そしてタイミングを見計らいスイッチを押さえていた指を引いて……よし! 嵌った!
『よもや、そのような物で起動を妨げるとは……クックック、やはりキミは面白いな、イグナート』
「っ……ジル・ニトラか!」
どこからか聞こえてくるジル・ニトラの声に怒りが沸き起こってくるのを押さえつつ、近くに寝かせていたティタを抱き上げ確保する。
できることならすぐにでもジル・ニトラの行いを追及してぶっ飛ばしてやりたいぐらいだが、今は我慢の時だ。

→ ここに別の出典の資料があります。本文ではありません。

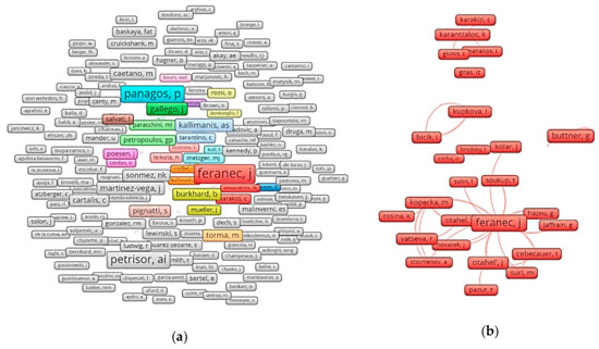 The cooperation of the authors is presented in Figure 6. Scientists dealing with CLC data are grouped in 396 clusters, 31 authors stand alone and did not cooperate with any other researcher. These are the authors who each published exactly one paper on CORINE land cover. 147 publications are the result of a cooperation between only two people, 335 of cooperation between three researchers, usually affiliated with the same institution. Only 25 scientists have cooperated broadly, internationally and nationally, which is highlighted by the frame size (see Figure 5a), their sij index is equal or greater than 25, for five of the authors the total link-strength exceeds 40. The biggest cooperation network is of 54 people, and was formed by Jan Feranec (sij = 48), as seen in Figure 5b. The people he cooperated with are both scientists from the Slovak Academy of Sciences, academics from various European universities and research institutions, as well those from commercial enterprises. Feranec has been involved in the CORINE land cover project from its launch in 1985. He is co-author of CLC nomenclature, from 2001–2009 he joined the Technical Team of central CORINE Land Cover Projects (CLC1990 and CLC2000). His research interests comprise methodology of remote sensing data interpretation, mainly land cover/use and its change mapping, landscape assessment, identification, and analysis of abandonment arable lands and grasslands.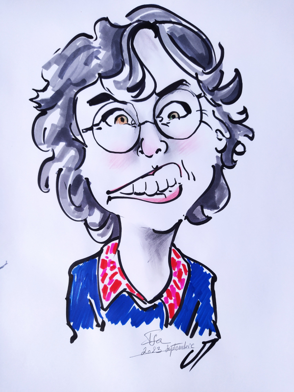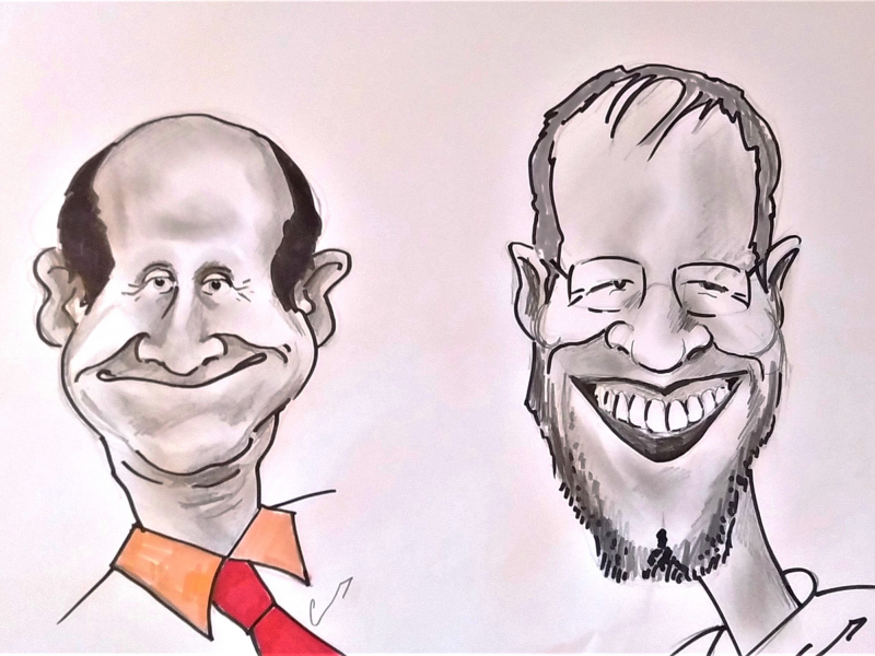 Caricaturiste de vos événements en Isère Le caricaturiste dessine avec bienveillance le visage de vos invités en +/-5 minutes à tous vos événements.Prestation de 2h, 3h, 4h.Caricatures dessinées à la main, encre de chine colorée,... Par Betty

最低でもティタの治療と安全は確保しなければならない。
「……宝玉は取ったぞ。早くここから出してくれ」
『おや? 随分と冷静だね。開口一番で怒鳴り散らされると思ったのだが』
「っ…………おまえには言いたいことが山ほどあるが、それは後回しにすると決めたんでな」
深呼吸して怒りを抑えながら、自分に言い聞かせるように言う。
『フフ、つまり私が用済みになったら容赦はしない、ということかな? 怖いね、震えそうだよ』
「いいから早くしろ。ここから出せ」
『ああ、もちろん出すとも。キミには随分と役に立ってもらったからね。労わせてくれたまえ』
ジル・ニトラがそう言った瞬間、足元に光り輝く魔法陣が現れる。
そして瞬きをする間もなく視界が歪み――気がついた時には、見知らぬ赤い絨毯の上に立っていた。